Перевод В. Муравьева
Мой горемычный друг П. потерял нить своей жизни, временами надолго впадая в какое-то затмение ума. Прошлое для него совмещается с настоящим, и, чтобы судить, насколько такое смешение иногда любопытно, лучше вам прочесть его собственное письмо, чем мои изъяснения по этому поводу. Бедняга, ни единожды не покинувший свою беленую каморку с зарешеченным окном, о которой упоминается в первых строках письма, мнит себя, однако же, завзятым путешественником, повстречавшим в своих странствиях самых разных людей, давно уже незримых ничьими иными очами. По-моему, это не столько заблуждение, сколько отчасти нарочитая, отчасти же невольная игра воображения, которой его недуг сообщил столь болезненную напряженность, что призрачные сцены и лица видятся не менее отчетливо, нежели театральное действо, а правдоподобия в них пожалуй что и побольше. У меня хранится множество его писем: некоторые из них порождены тем же заблуждением, что и нижеследующее, другие предположениями ничуть не менее нелепыми.

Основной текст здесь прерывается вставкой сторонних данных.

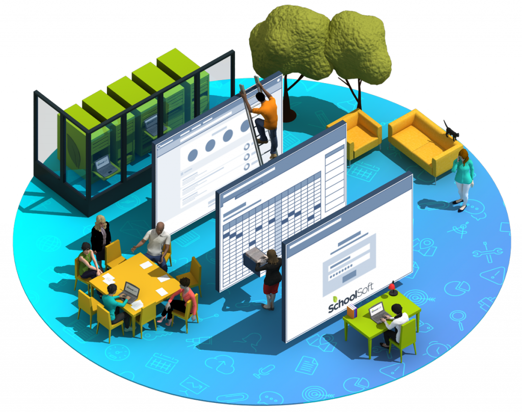 Marketing illustration for the SchoolSoft website.
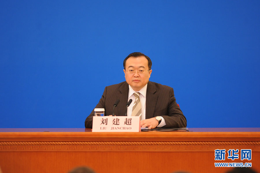 ????3月15日,國務(wù)院總理李克強(qiáng)在人民大會堂三樓金色大廳會見采訪十二屆全國人大三次會議的中外記者并回答記者提出的問題。圖為外交部部長助理兼新聞司司長劉建超。新華網(wǎng)/中國政府網(wǎng) 翟子赫 攝
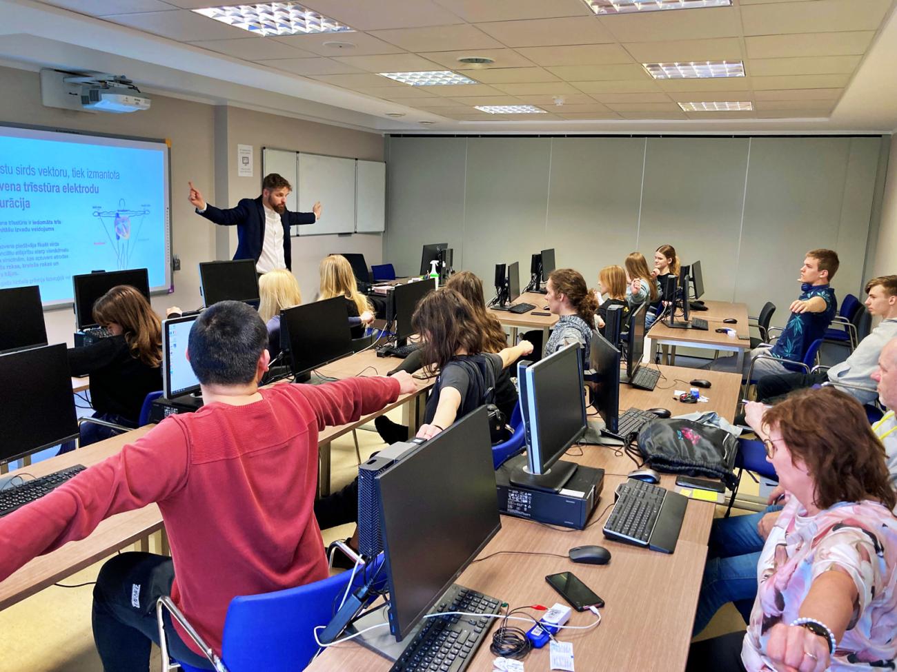 Atvērto durvju dienā aptuveni 20 skolēniem un skolotājiem no Talsu Valsts ģimnāzijas tika noturēta aizraujoša nodarbība medicīniskajā fizikā RSU Medicīnas izglītības tehnoloģiju centrā. Skolēni tvēra zināšanas gan par ārējās iedarbības elektriskās strāvas ietekmi uz cilvēka fizisko ķermeni, gan par cilvēka ķermeņa radītās strāvas ietekmi uz apkārtējo vidi.
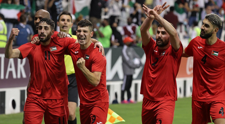فرحة لاعبي منتخب فلسطين بالفوز .
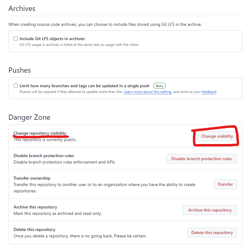 Danger Zone에서 Change repository visibility의 Change visibility를 클릭
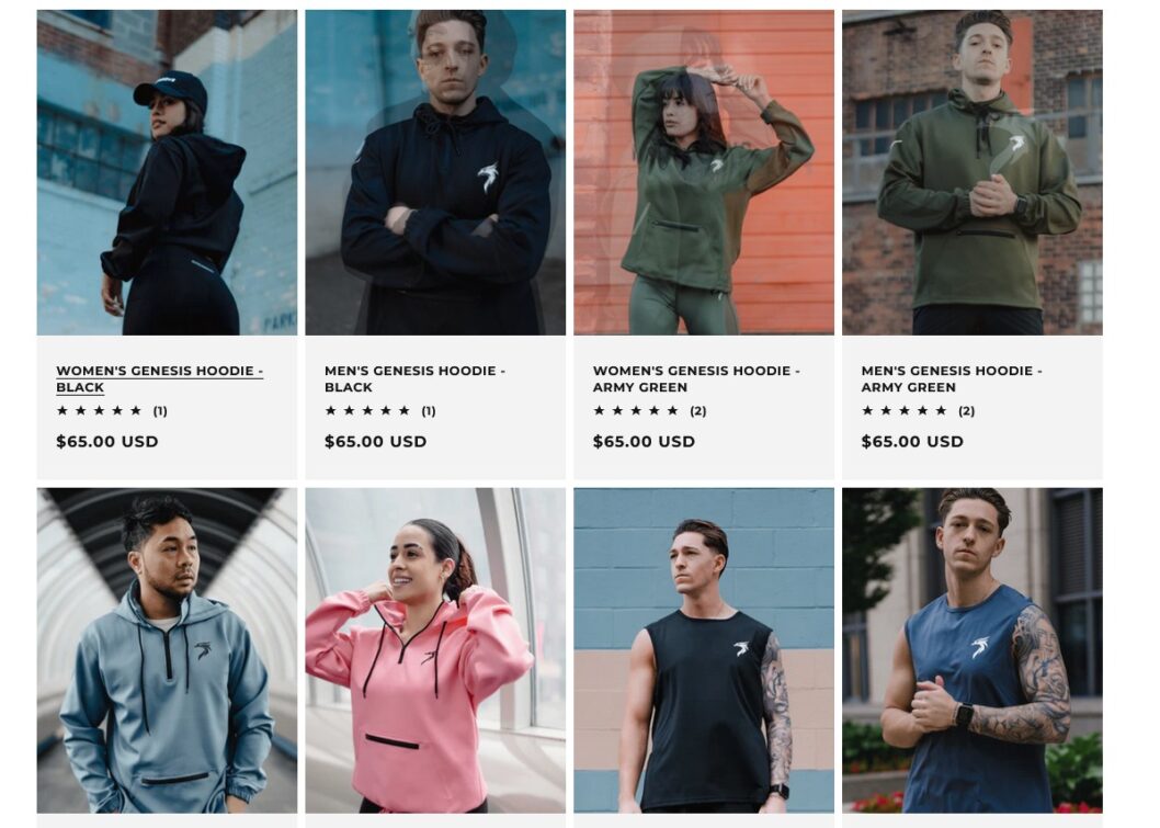 The product line reflects this mentality through its sale of men’s and women’s athletic shirts, tank tops, hoodies (including theGenesis Hoodies collection), performance shorts, biker shorts, leggings, sports bras, and hats. Each piece features symbolism representing transformation. The Phoenix rising from ashes is a recurring motif.
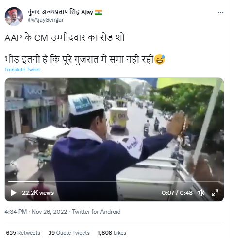 गौरतलब है कि गुजरात में चार नवंबर 2022 को इसुदान गढ़वी को आम आदमी पार्टी ने सीएम कैंडिडेट घोषित किया था। जबकि वायरल वीडियो करीब 5 महीने पुराना है।
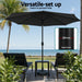 Our Instahut Outdoor Umbrella merges elegance with durability. Featuring LED-lit ribs for evening ambiance and an octagonal polyester canopy for sun protection. Heavy-duty steel frame with 8 ribs ensures stability, while the adjustable tilt mechanism delivers precise shading. Water-resistant fabric withstands weather elements. Effortless manual crank operation simplifies setup—perfect for patios, gardens, or beach retreats.
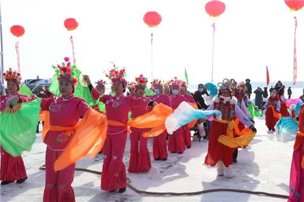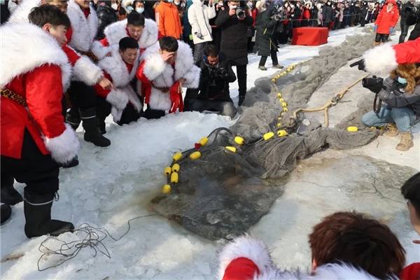 冬捕活動,世代傳承。雖然室外天氣寒冷,但依然擋不住游客們參與其中的熱情。鑿冰、下網、拉網、出魚,漁網中活蹦亂跳的魚兒浮出冰面,引得現場的游客爭相拍照打卡,呈現出了魚躍人歡的新春景象。作為癸卯兔年當地冬捕的第 一網“頭魚”,很多游客都想把寓意“連年有余”的“?!濒~帶回家,最終,活動現場的4條“頭魚”通過拍賣的方式,最 高以2.3萬元拍出。
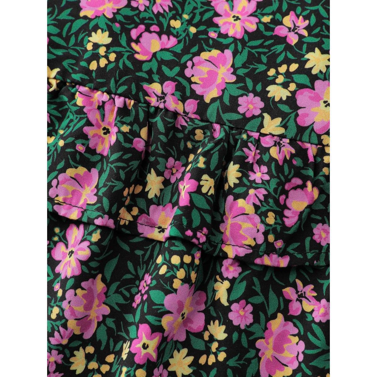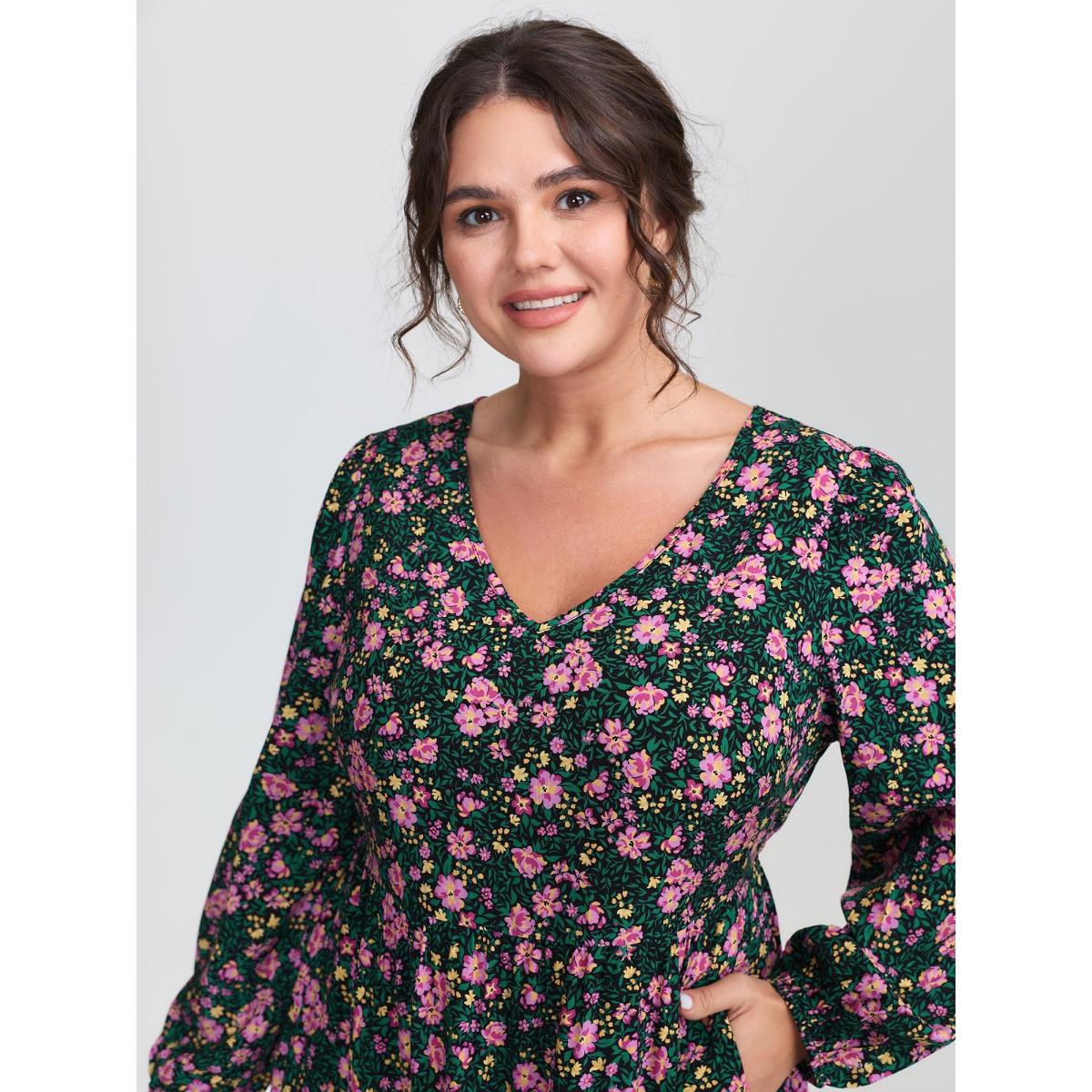 Plus Size Floral Print Contrast V Neck Pocket Gathered Ruffles Dress Green Women Elegant V-neck Short sleeve Curvy Midi Dress BloomChic 30/6X

Все вместе они образуют некое эпистолярное целое, и если судьба в свое время удалит моего бедного друга из нашего мира, для него иллюзорного, то я обещаю доставить себе позволительное удовольствие и обнародовать их. П. всегда мечтал о славе сочинителя и не один раз безуспешно пытался стяжать таковую. Будет немного странно, если, не достигнув желанной цели при свете разума, он невзначай добьется ее, отуманенно блуждая за пределами нормального.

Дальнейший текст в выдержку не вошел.